Malift Air
| IATA | ICAO | Call sign |
| - | MLC | MALILA |
- Founded: 1995
- Ceased operations: 2009
- Hubs: N'Dolo Airport
- Fleet size: 3
- Headquarters: Kinshasa, Democratic Republic of the Congo

= Malift Air =

Airline of the Democratic Republic of the Congo

Malift Air was an airline based in Kinshasa, Democratic Republic of the Congo. It operated domestic passenger and cargo services from 1995 until 2009. Its main base was N'Dolo Airport, Kinshasa.
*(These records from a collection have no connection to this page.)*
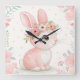Baby Bunny Princess with Floral Crown – Soft Pink Square Wall Clock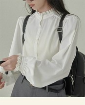 ブラウス レディース 長袖 シャツ スーツ インナー 白シャツ スタンドカラー 襟レース トップス フォーマル 無地 オフィス ビジネス 立ち襟 春秋 お洒落 通勤 カジュアル OL おしゃれ シンプ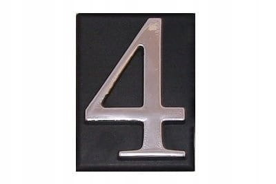 Cyfra "4" samoprzylepna na tabliczce z tworzywa. Wysokość 4,5 cm, chrom, folia.
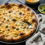 - Spoon the mac and cheese onto the crust and top with additional shredded cheddar cheese.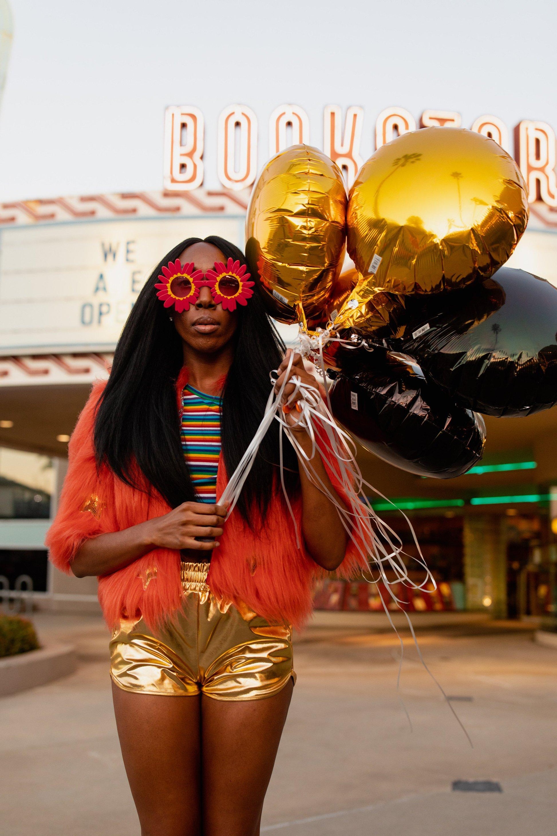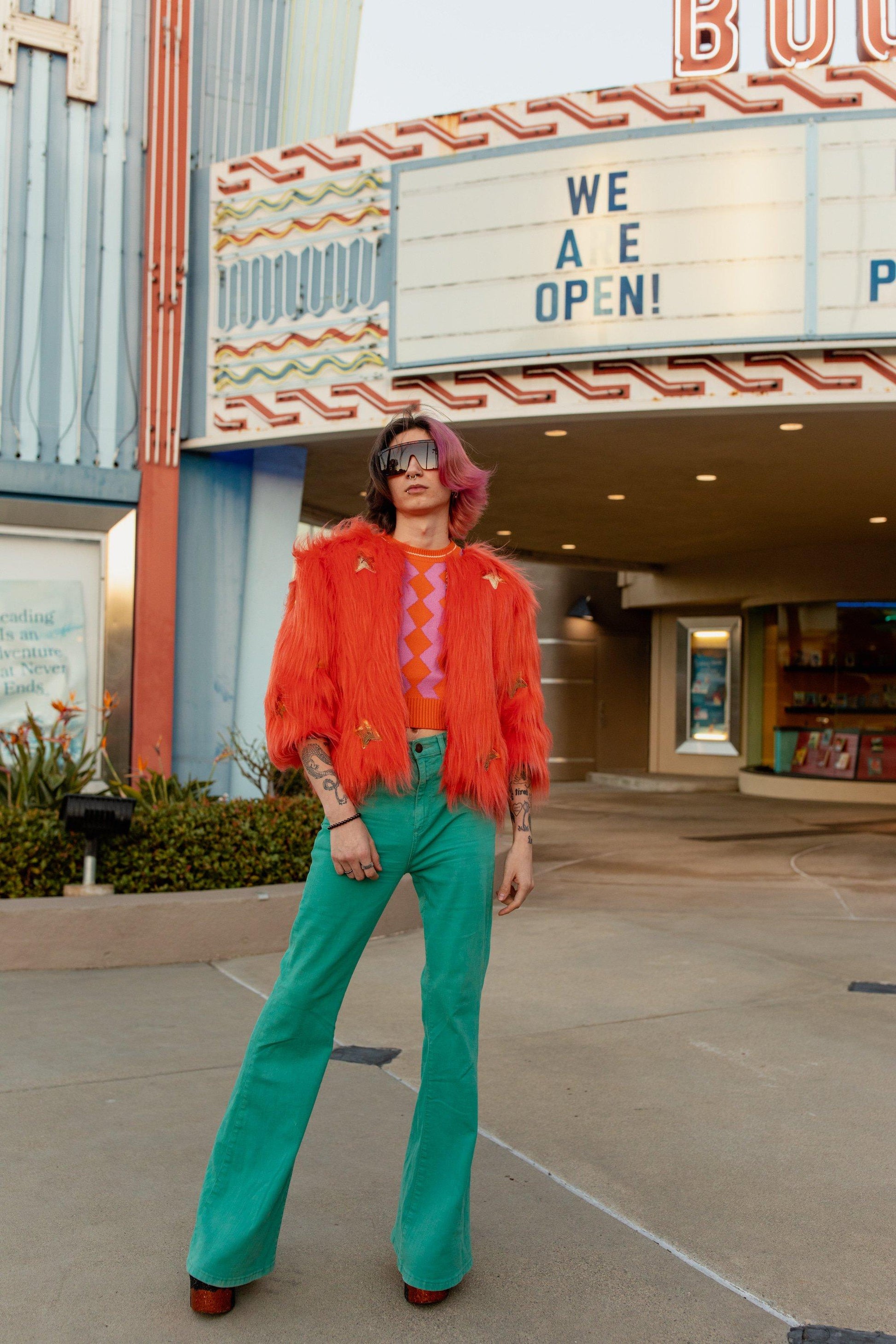 The out-of-this-world Planet Queen jacket is hand crafted with stunning UFO and gold star patches on ultra soft synthetic all faux fur. Featuring pockets and a bright, cheerful rayon lining! Style your look for casual funk, or red-carpet ready.
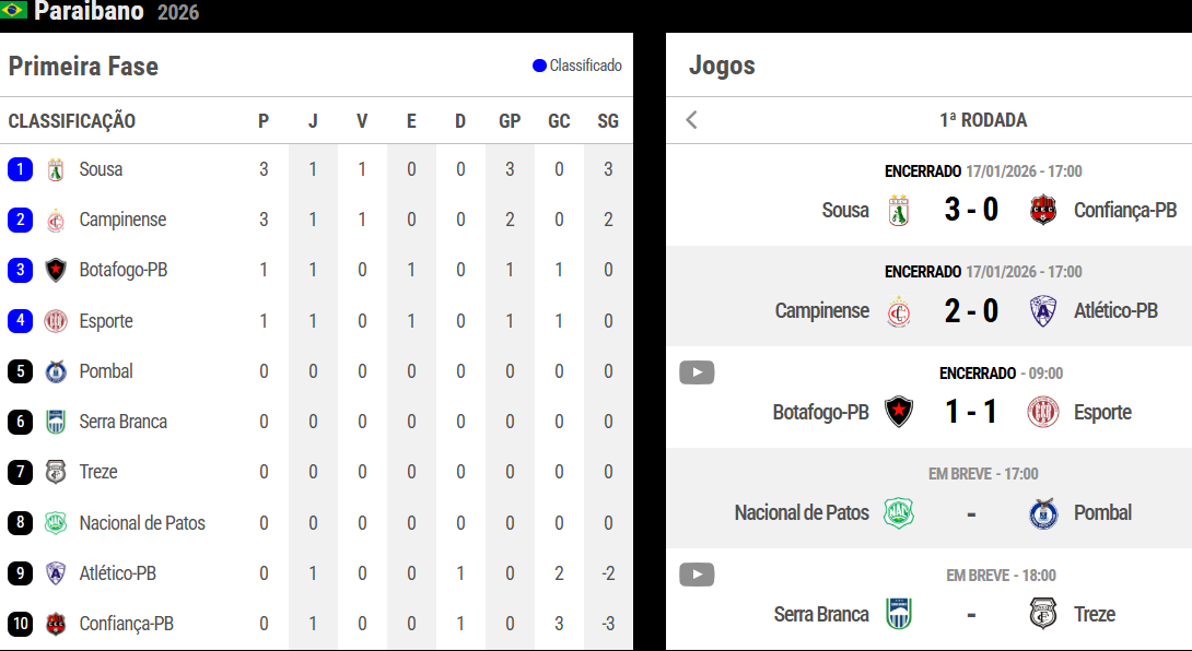 Os resultados da primeira rodada do Campeonato Paraibano da Primeira Divisão de 2026: Campinense 2 x 0 Atlético de Cajazeiras, Sousa 3 x 0 Confiança de Sapé, Botafogo-PB 1 x 1 Esporte de Patos; Nacional de Patos x Pombal, Serra Branca x Treze.

The airline was added to the List of air carriers banned in the European Union on 22 March 2006 but was removed again following the end of its operations on 22 November 2009.

==History==
The airline started operations in 1995 and was formerly known as Malila Airlift and ended operations in 2009.

==Accidents and incidents==
- 4 October 2007 - An Antonov An-26 cargo plane crashed into a busy market in the Congolese capital Kinshasa shortly after takeoff, killing 51 people.
- 18 July 2007 - An Antonov An-24 shortly after taking off from Bandundu Airport had an engine failure, lost altitude and crashed 8 km from Bandundu. Fortunately, the 2 crew and 8 passengers aboard all survived.

== Fleet ==
As of April 2019, the Malift Air fleet is stored and inactive in Kinshasa. The fleet included:

- 1 – Antonov An-28
- 1 – Antonov An-32
- 1 – Britten-Norman BN-2 Islander

In 2003, an An-24RV bearing Malila livery and registration number EW-46498 was photographed stored at Minsk. It was still there in May 2005, but by that time it was missing its starboard propeller.